SimpleQA is an obscure trivia benchmark OpenAI uses to evaluate hallucination rate. Resolves yes if a Frontier model released by OpenAI declines to answer SimpleQA questions at least 5 times as often as it incorrectly answers them.
To resolve yes, the model must not have access to the internet or any database of facts. I will be largely looking towards OpenAI's evaluations to resolve this market but will accept 3rd party evals if OpenAI stops using SimpleQA.
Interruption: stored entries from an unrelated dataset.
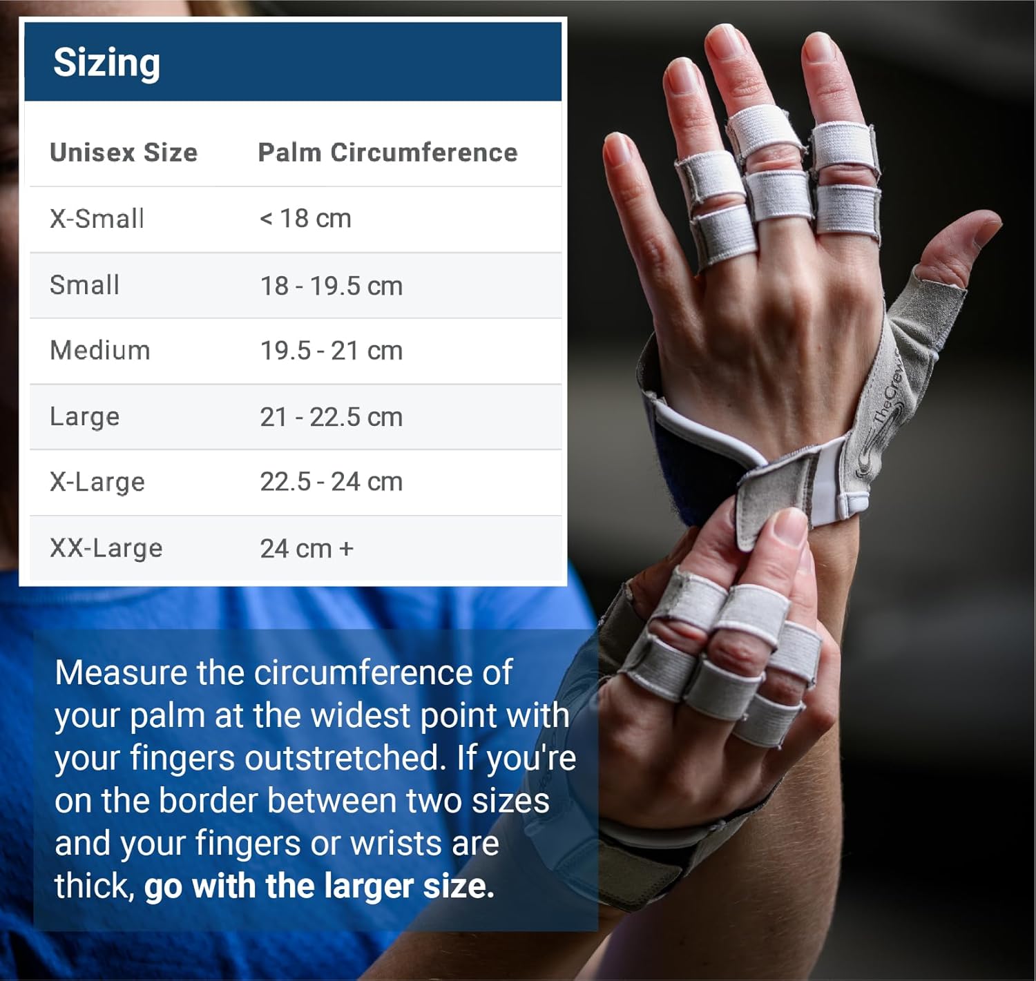 Rowing gloves for sculling, sweep rowing, indoor rowing, and paddling watersports to improve grip and prevent blisters. For sizing, measure the circumference of your palm at the widest point with your fingers outstretched. If you're on the border between two sizes and your fingers or wrists are thick, go with the larger size.
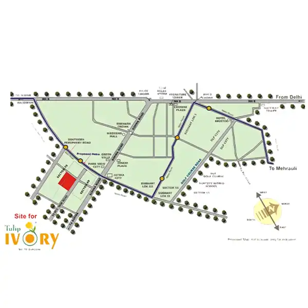 Situated in Sector 70, Gurgaon, Tulip Ivory enjoys excellent connectivity to Sohna Road, NH-48, Golf Course Extension Road, and SPR, while being surrounded by reputed schools, hospitals, and retail hubs.
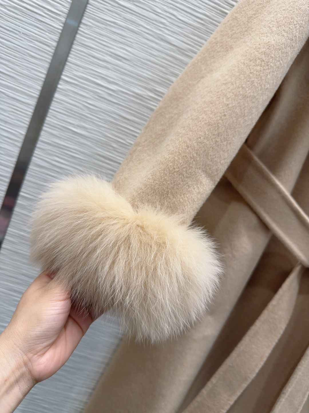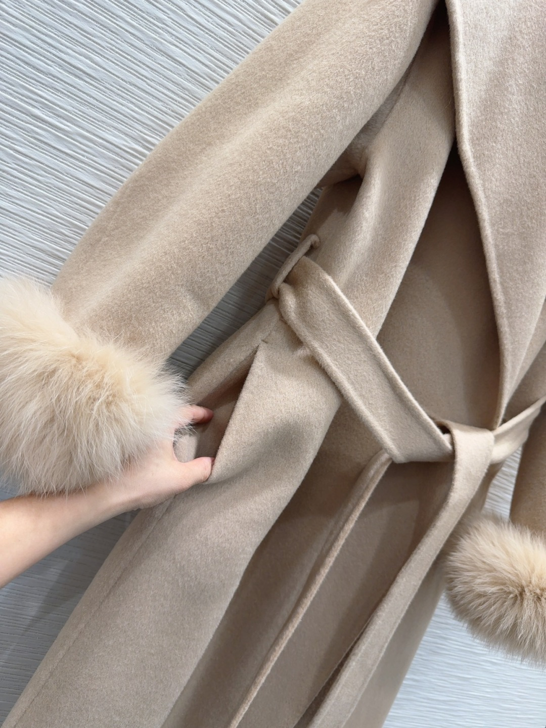 这款衣服是AAAAA 1:1 质量 (非常棒). 使用了和原版一模一样的材料. 商标部分也保持了和Max Mara一样. 图片拍摄是实物衣服拍摄, 您所收到的实物保证和我们图片一模一样.

OpenAI's latest frontier model GPT-5-thinking has only a 1:8 ratio. However, OpenAI claimed in a recent paper that they have new insights into why LLMs hallucinate and how to prevent them. Additionally, the smaller GPT-5-thinking-mini achieves nearly a 2:1 ratio.
A result that seems obviously rigged (such as a model achieving 100% accuracy or a model that declines to answer every question or something similar) will not resolve yes.
Bought YES at 51%. The key insight: GPT-5-thinking-mini already achieves nearly 2:1, and OpenAI published a paper (arxiv 2509.04664) claiming new understanding of why LLMs hallucinate. The gap from 2:1 to 5:1 is significant but not insurmountable — it is essentially about better calibrated uncertainty and knowing when to abstain.
Three factors pushing YES:
OpenAI has explicitly prioritized this metric and has 10+ months
Smaller models already show the behavior is learnable — it is a matter of scaling the right training signal
The resolution only requires a single frontier model, not all models
Main risk: "frontier model" requirement means it cannot be a specialized small model. But OpenAI has been building abstention into their reasoning models. I estimate ~60%.